What this task involves:
Find the line with "Deux varangues viennent" in the records below. Output exactly from there until after the line with "The table Menhir", without pictures.

Provided entries:

────────────────

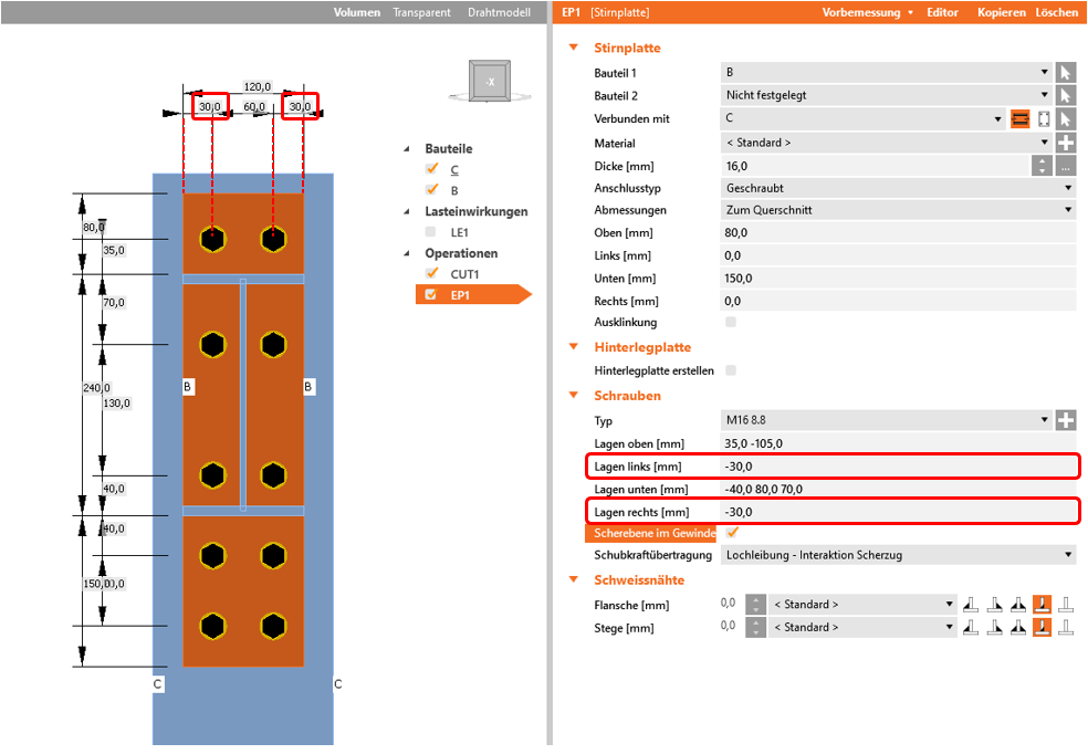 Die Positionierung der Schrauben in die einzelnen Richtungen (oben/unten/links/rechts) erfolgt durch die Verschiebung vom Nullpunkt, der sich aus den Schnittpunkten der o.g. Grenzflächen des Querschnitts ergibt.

────────────────

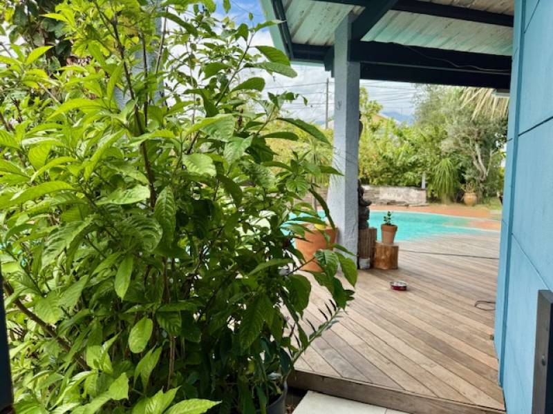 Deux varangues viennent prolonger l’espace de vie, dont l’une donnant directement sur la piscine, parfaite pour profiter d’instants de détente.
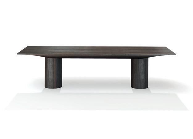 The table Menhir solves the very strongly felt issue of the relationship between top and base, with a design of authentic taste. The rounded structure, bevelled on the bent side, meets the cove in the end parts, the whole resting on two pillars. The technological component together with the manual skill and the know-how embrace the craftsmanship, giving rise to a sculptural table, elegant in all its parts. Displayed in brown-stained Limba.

────────────────

Response to this exercise:
 Deux varangues viennent prolonger l’espace de vie, dont l’une donnant directement sur la piscine, parfaite pour profiter d’instants de détente.
 The table Menhir solves the very strongly felt issue of the relationship between top and base, with a design of authentic taste. The rounded structure, bevelled on the bent side, meets the cove in the end parts, the whole resting on two pillars. The technological component together with the manual skill and the know-how embrace the craftsmanship, giving rise to a sculptural table, elegant in all its parts. Displayed in brown-stained Limba.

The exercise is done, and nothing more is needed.